如今,随着运营商的竞争不断加剧,电信运营商亟需提⾼⽤户留存率、增加⽤户黏性,减少客户流失。因此,需要对电信客户进⾏流失分析与预测,发掘客户流失的原因,进⽽改善⾃⾝业务,提⾼⽤户的满意度,延长⽤户⽣命周期。
2 数据来源与数据概况
2.1 数据来源
2.2 数据概况
电信客户流失数据集描述了电信⽤户是否流失以及其相关信息,共包含7043条记录,21个字段。 读⼊数据集后,了解数据集的基本信息。

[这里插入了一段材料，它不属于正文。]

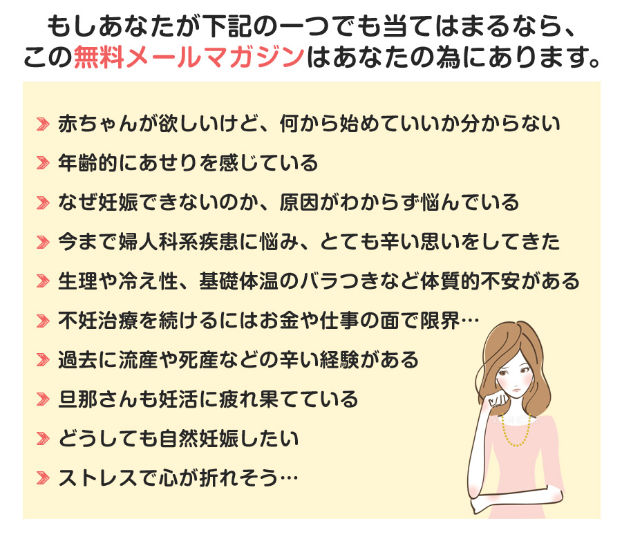 その具体的な方法をこれまでの臨床結果や実際の赤ちゃんを授かった方の声なども紹介しながら、分かりやすく順を追ってお伝えしていきますので、ぜひ無料メールマガジンに登録いただき、あなたも『妊娠体質』を手に入れて欲しいと願っています。
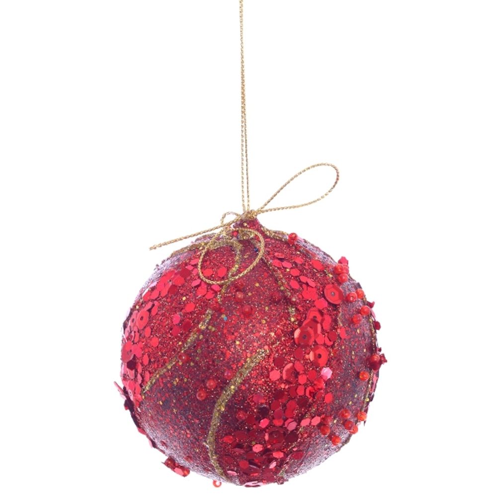 Новогодний яркий елочный шар, украшенный пайетками, изготовлен из полимерных материалов. Непременно порадует вас своим изяществом и прекрасно дополнит праздничный наряд лесной красавицы.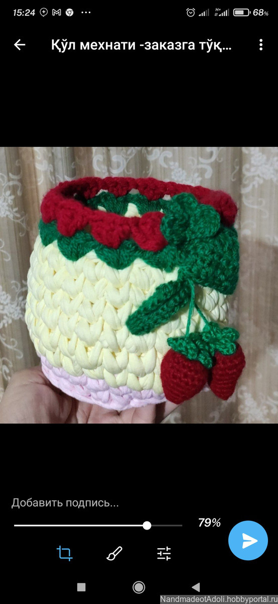 Корзиночка из х/б трикотажной пряжи , подходит для хранения разных расчесок .ТД, или карандашей и других принадлежностей для творчества и рукоделия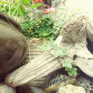 この横にメダカの睡蓮鉢3つ、下に繁殖用容器2つを並べています。リクガメくんは日々我が家のメダカを見守っています(^o^)v ミツガシワは株は立派になったけどなかなか花をつけてくれません(T^T)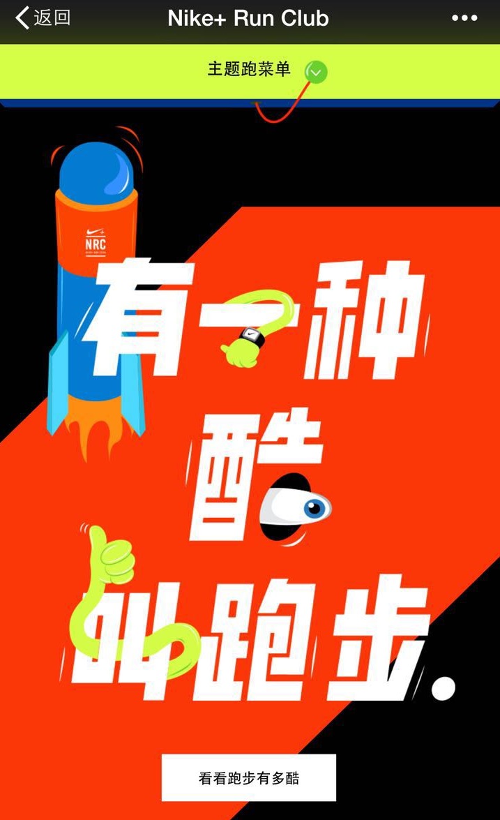 50 年后,有关跑步运动的精髓仍旧不变,但其表现形式已经革新。1月初,Nike+ Run Club(简称 NRC)的微信公众号推出了一份新潮、精炼且易读的《菜鸟跑者成长计划》。这个计划就像是个游戏,只需要与NRC app关联,通过完成任务、解锁关卡,10 个不同的“主题跑”也许会让你在不知不觉中养成跑步习惯。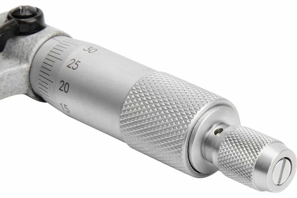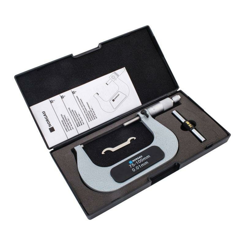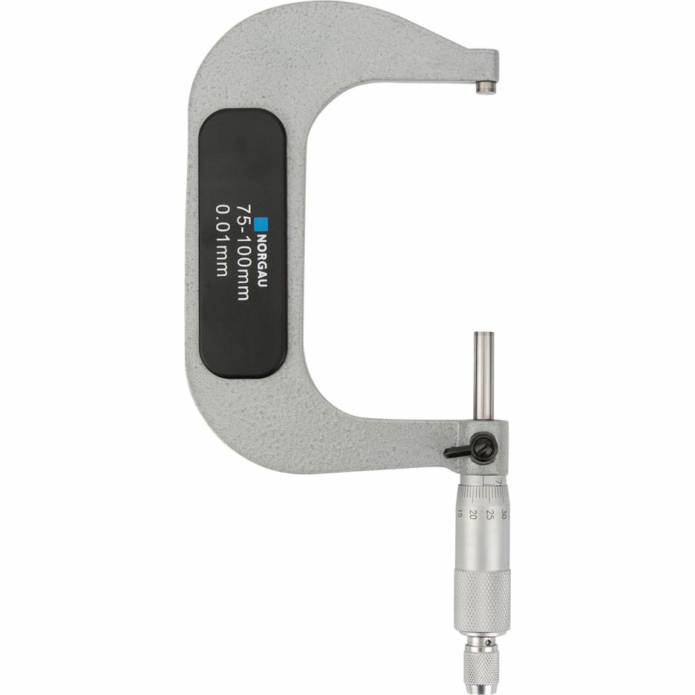 Микрометр со скобой NM Надежное и простое исполнение для цехового использования Шкала: стебель и барабан с матовым хромированием Измерительный шпиндель O6,35 мм, перемещение шпинделя 0,5мм/оборот С зажимным винтом и трещоткой Измерительные поверхности твердосплавные, шлифованные, тонко притерты Скоба покрыта эмалью Комплект поставки: В пластиковом футляре, ключ, установочная мера (для моделей с диапазоном измерений более 25мм), руководство по эксплуатации на русском языке, паспорт. Внесен в ГосРеестр СИ Характеристики Артикул производителя Бренд NORGAU Диапазон измерений внутренних, мм - Тип измерительного инструмента Нониусный Диапазон измерений 75-100 мм Цена деления 0,01мм Вес, g 375 Mикрометры со скобой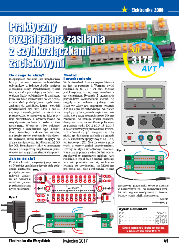 AVT3175 Praktyczny rozgałęziacz zasilania z szybkozłączkami zaciskowymi
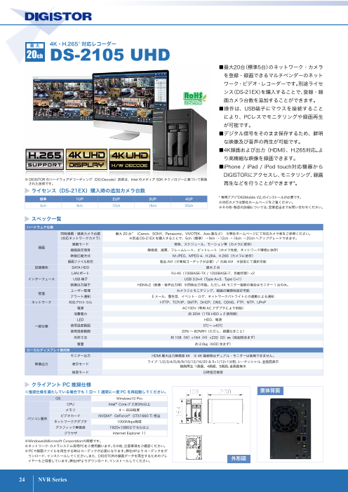 ■操作は、USB端子にマウスを接続することにより、PCレスでモニタリングや録画再生が可能です。 ■デジタル信号をそのまま保存するため、鮮明な映像及び音声の再生が可能です。 ...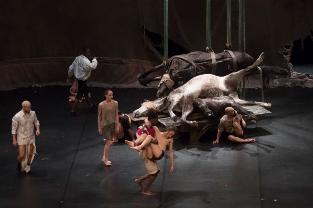 Sur le plateau, la sculpture expressionniste de trois chevaux monumentaux enchevêtrés les uns aux autres et gisant sur le flanc – œuvre de la plasticienne Berlinde De Bruyckere – semble être posée là pour réveiller nos consciences endormies, rappel subliminal du titre allemand – nicht schlafen – « ne pas dormir ». En faisant ainsi écho aux bêtes éventrées lors des charges de boucherie héroïque de la cavalerie de la première guerre, l’installation sculpturale réifie la violence guerrière des hommes se détachant sur fond d’une gigantesque toile marronnasse trouée – comme l’Histoire peut l’être – par les effractions de la bestialité pointant son nez sous le vernis culturel policé tendu au regard. Autour de ce « des-corps » porteur d’une inquiétante étrangeté – la mort est là qui rôde – neuf danseurs, huit hommes et une femme, vont se confronter les uns aux autres, sous forme de duos à fleur de peau ou de groupe compact, dans un chaos apparemment inorganisé loin de toute synchronisation esthétisante. En effet pour dire l’extrême violence des rapports en milieux humains, Alain Platel ne pouvait décemment choisir l’harmonie d’une chorégraphie huilée, seule l’énergie désordonnée de contacts abrupts, de corps à corps primitifs, était « de nature » à exprimer l’instinct de (sur)vie à l’œuvre.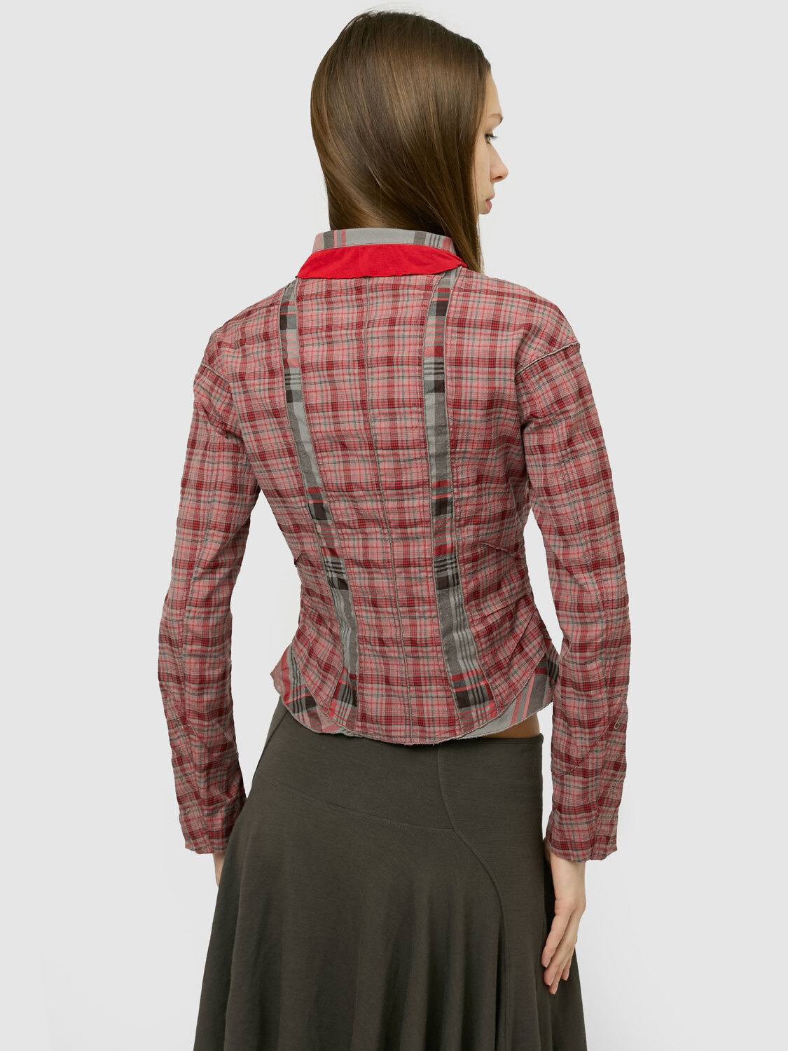 Red and grey gingham check patchwork shirt. Gathered and dart details. Snap button closure.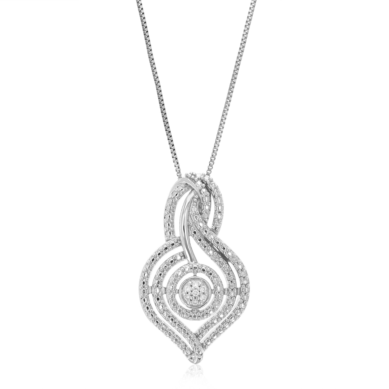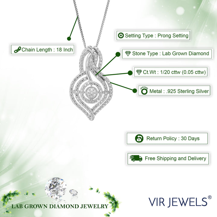 Made from .925 sterling silver with 7 round-cut lab-grown diamonds, totaling 1/20 cttw. Diamond color H-I, clarity SI1-SI2. Prong setting. Pendant width: 17mm (2/3 inch); length: 30mm (1 1/4 inch).
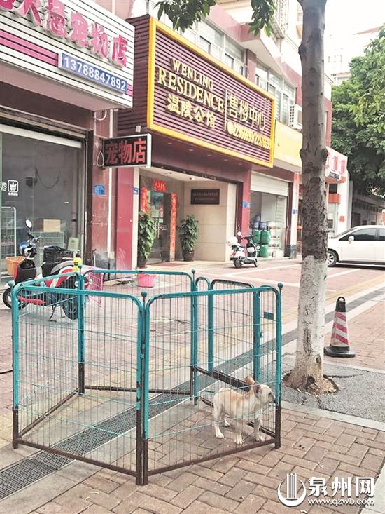 宠物店工作人员在非机动车道上遛狗 一家宠物店占道遛狗10日下午,在刺桐北路的一家犬类宠物店门口,店家在非机动车道上围了个围栏,让狗在里面奔跑,未在其身上绑绳子,不少市民看到纷纷避开。在这个围栏附近,记者看到了不少狗大便。“把小狗放在外面,事后也不清理粪便,太不卫生了。”骑车经过的陈女士说。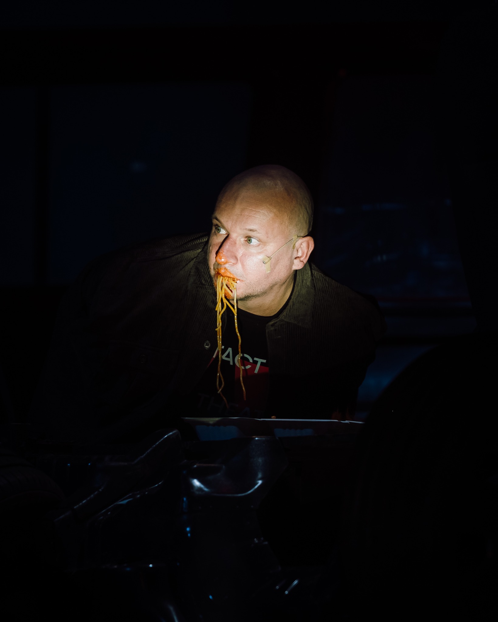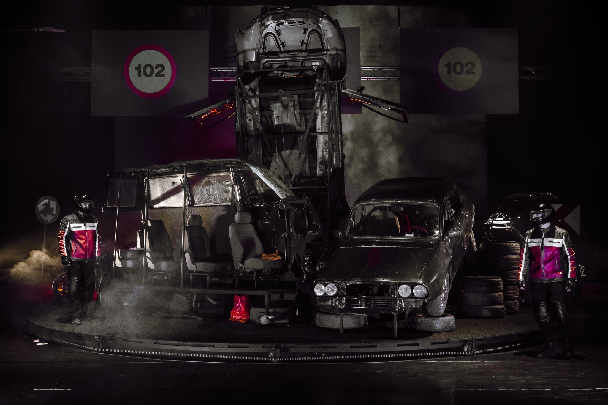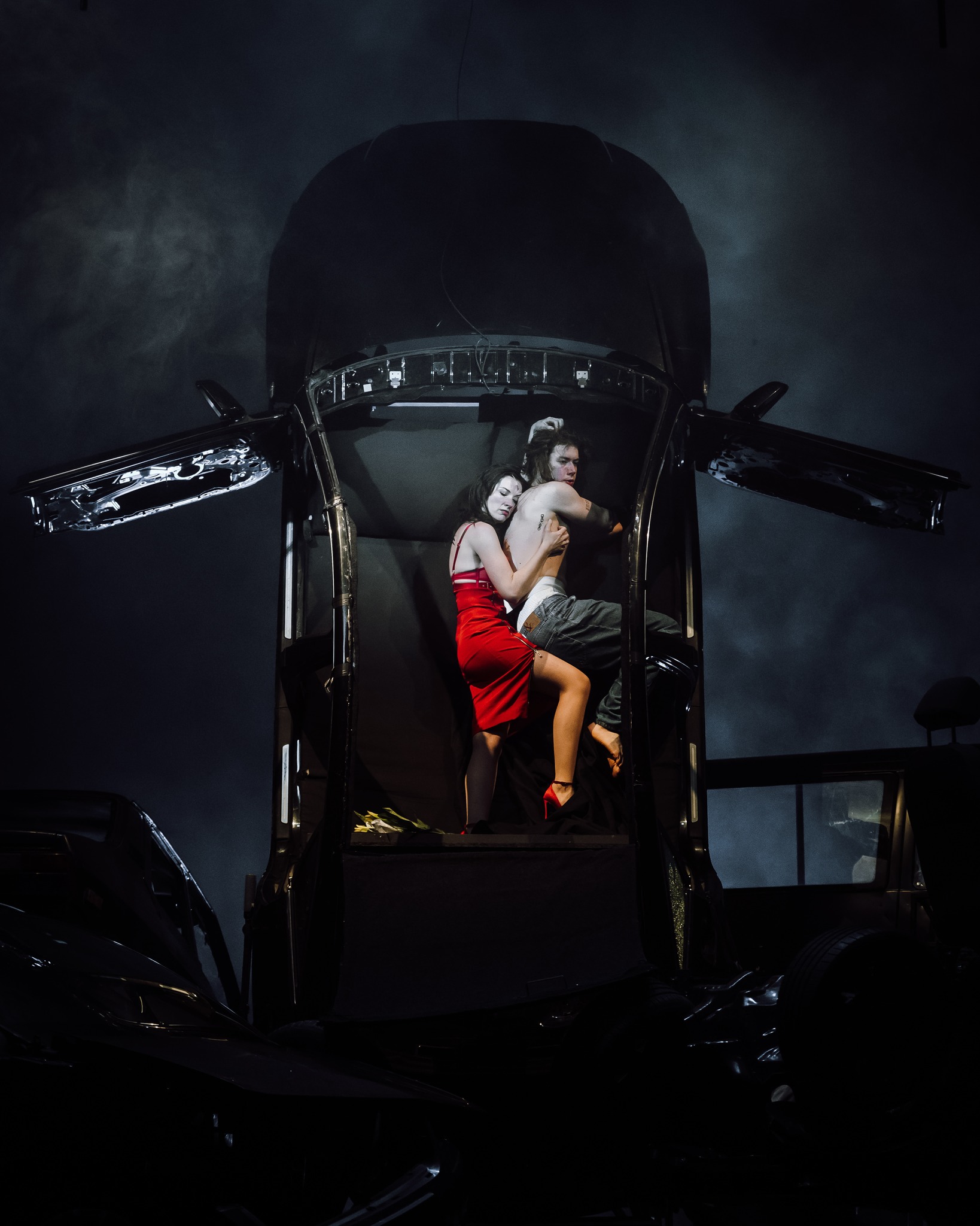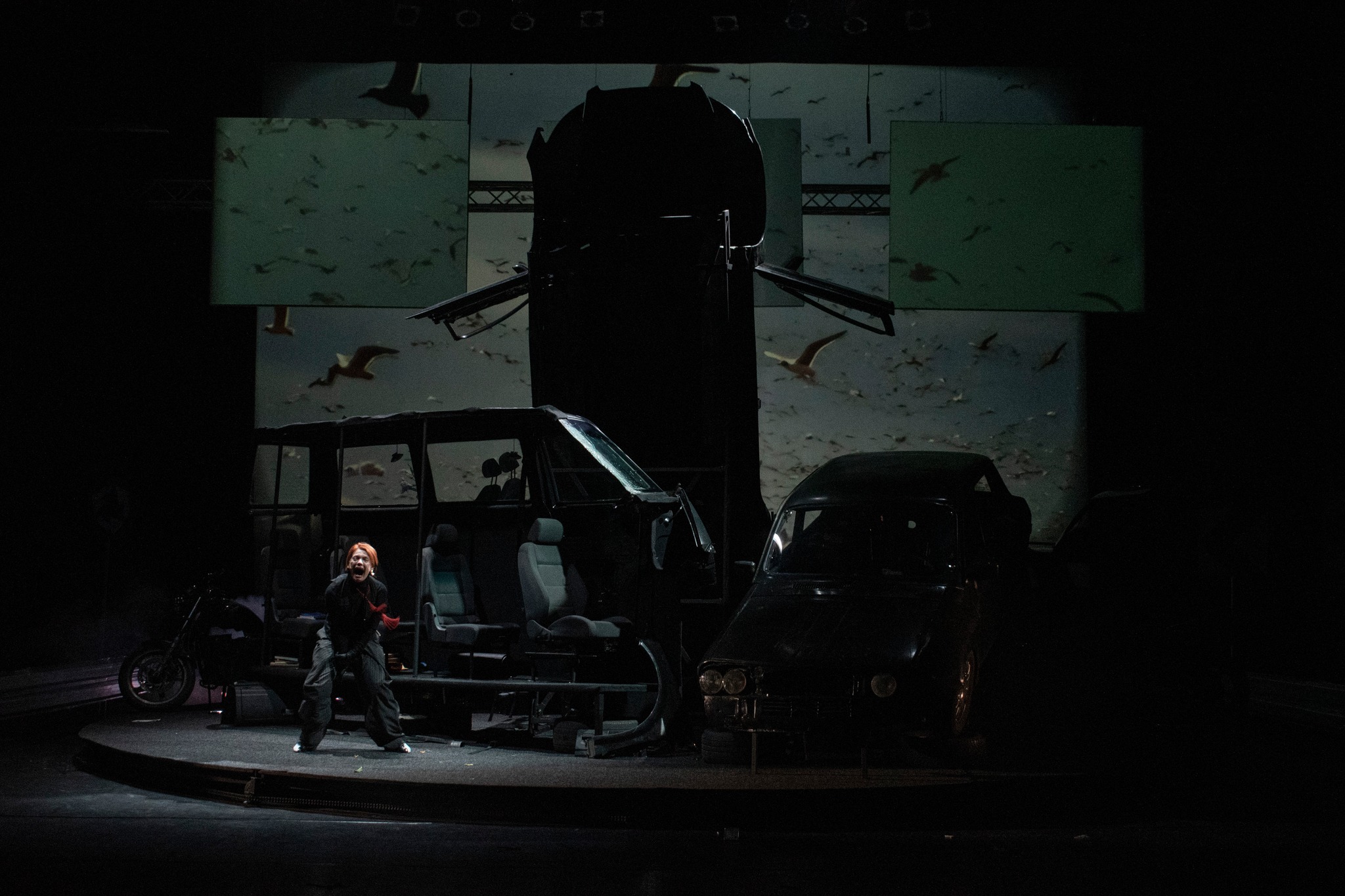 Cea din urmă agent dublu (înlocuind pentru o clipă Moartea însăși!), deja infiltrată în grupul de teatrologi ce nu mai poate analiza prezența lor în premiera acestui spectacol (!), un grup de critici, blocat în caroseria microbuzului ce urma să-i aducă la Târgu Mureș, rămas să reflecteze autoironic de departe, de pe lumea cealaltă, asupra rolului teatrului și al propriei lor meniri (Hajnal, Viki, Kata și Berci, cărora Hajnal Somody, Viktória Renczés, Bea Fülöp și Gábor Tollas le desenează cu mult umor frici plauzibile, atitudini demonstrative și raporturi de forță prin care analizează viscerele acum căscate ale lumii ce se deshide la propriu la picioarele lor, lângă caroseria umanității mici de proximitate, preocupată excesiv de siluetă, aspectul fizic, recunoașterea intelectuală și ultimul selfie cu Moartea (dar și de diurnă ori de scoaterea în afara relevanței discursului critic al vremurilor – orice asemănare cu realitatea nu e tocmai întămplătoare…) scotocind cu atenție prin măruntaiele dramatice și teatrale după esențe de postuman dincolo de ultima suflare.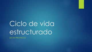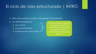 El documento describe las 9 actividades del ciclo de vida estructurado de un proyecto. Estas actividades incluyen la encuesta inicial, el análisis de sistemas, el diseño, la implementación, las pruebas de aceptación, la garantía de calidad, la descripción de procedimientos, la conversión de bases de datos e instalación. El documento también discute los enfoques radical y conservador para el desarrollo del proyecto.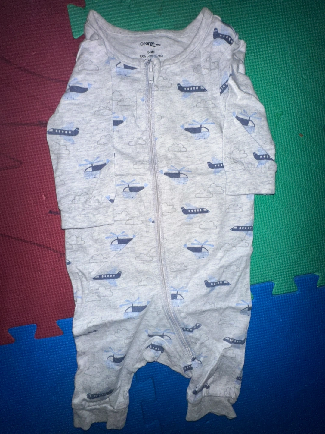 Selling a bundle of baby clothes, perfect for a little one aged 0-3 months. There's a mix of onesies, pants, and a cute zip-up sleeper. All in good condition and ready for a new home!

> telco.data <- read.csv("WA_Fn-UC_-Telco-Customer-Churn.csv")
># 展⽰数据集的前六⾏数据
> head(telco.data)
customerID gender SeniorCitizen Partner Dependents tenure PhoneService
1 7590-VHVEG Female 0 Yes No 1 No
2 5575-GNVDE Male 0 No No 34 Yes
3 3668-QPYBK Male 0 No No 2 Yes
4 7795-CFOCW Male 0 No No 4
5 No
5 9237-HQITU Female 0 No No 2 Yes
6 9305-CDSKC Female 0 No No 8 Yes
MultipleLines InternetService OnlineSecurity OnlineBackup DeviceProtection
1 No phone rvice DSL No Yes No
2 No DSL Yes No Yes
3 No DSL Yes Yes No
4 No phone rvice DSL Yes No Yes
5 No Fiber optic No No No
6 Yes Fiber optic No No Yes
TechSupport StreamingTV StreamingMovies Contract PaperlessBilling
1 No No No Month-to-month Yes
bono2 No No No One year No
3 No No No Month-to-month Yes
4 Yes No No One year No
5 No No No Month-to-month Yes
6 No Yes Yes Month-to-month Yes
PaymentMethod MonthlyCharges TotalCharges Churn
1 Electronic check 29.85 29.85 No
2 Mailed check 56.95 1889.50 No
3 Mailed check 53.85 108.15 Yes
4 Bank transfer (automatic) 42.30 1840.7
5 No
5 Electronic check 70.70 151.65 Yes
6 Electronic check 99.65 820.50 Yes
># 数据集的维度
> dim(telco.data)
[1] 7043 21
每个字段的介绍如下表所⽰:
字段名字段含义字段内容
customerID客户ID
gender性别Female & Male
字段名字段含义字段内容
SeniorCitizen⽼年⽤户1表⽰是,0表⽰不是Partner伴侣⽤户Yes or No Dependents亲属⽤户Yes or No
tenure在⽹时长0-72⽉
PhoneService是否开通电话服务服务Yes or No
MultipleLines是否开通多线服务Yes 、No or No phonervice 三种
InternetService是否开通上⽹服务No, DSL数字⽹络,fiber optic光纤⽹络
OnlineSecurity是否开通⽹络安全服务Yes,No,No internetrive
OnlineBackup是否开通在线备份服务Yes,No,No internetrive
DeviceProtection是否开通设备保护服务Yes,No,No internetrive
TechSupport是否开通技术⽀持服务Yes,No,No internetrive
StreamingTV是否开通⽹络电视Yes,No,No internetrive StreamingMovies是否开通⽹络电影Yes,No,No internetrive Contract签订合同⽅式按⽉,⼀年,两年PaperlessBilling是否开通电⼦账单Yes or No
PaymentMethod付款⽅式bank transfer,credit card,electronic check,mailed check MonthlyCharges⽉租费18.85-118.35
TotalCharges累计付费18.85-8684.8
Churn该⽤户是否流失Yes or No
3 研究问题
1. 分析⽤户特征与流失的关系
2. 流失客户普遍具有哪些特征?
3. 尝试找到合适的模型预测流失客户。
4. 针对性给出增加⽤户黏性、降低客户流失率的建议。
4 数据预处理
查看数据集中每个变量的类型。
> str(telco.data)
'data.frame': 7043 obs. of 21 variables:
$ customerID : chr "7590-VHVEG" "5575-GNVDE" "3668-QPYBK" "7795-CFOCW" ...
实现英文
origen
sway$ gender : chr "Female" "Male" "Male" "Male" ...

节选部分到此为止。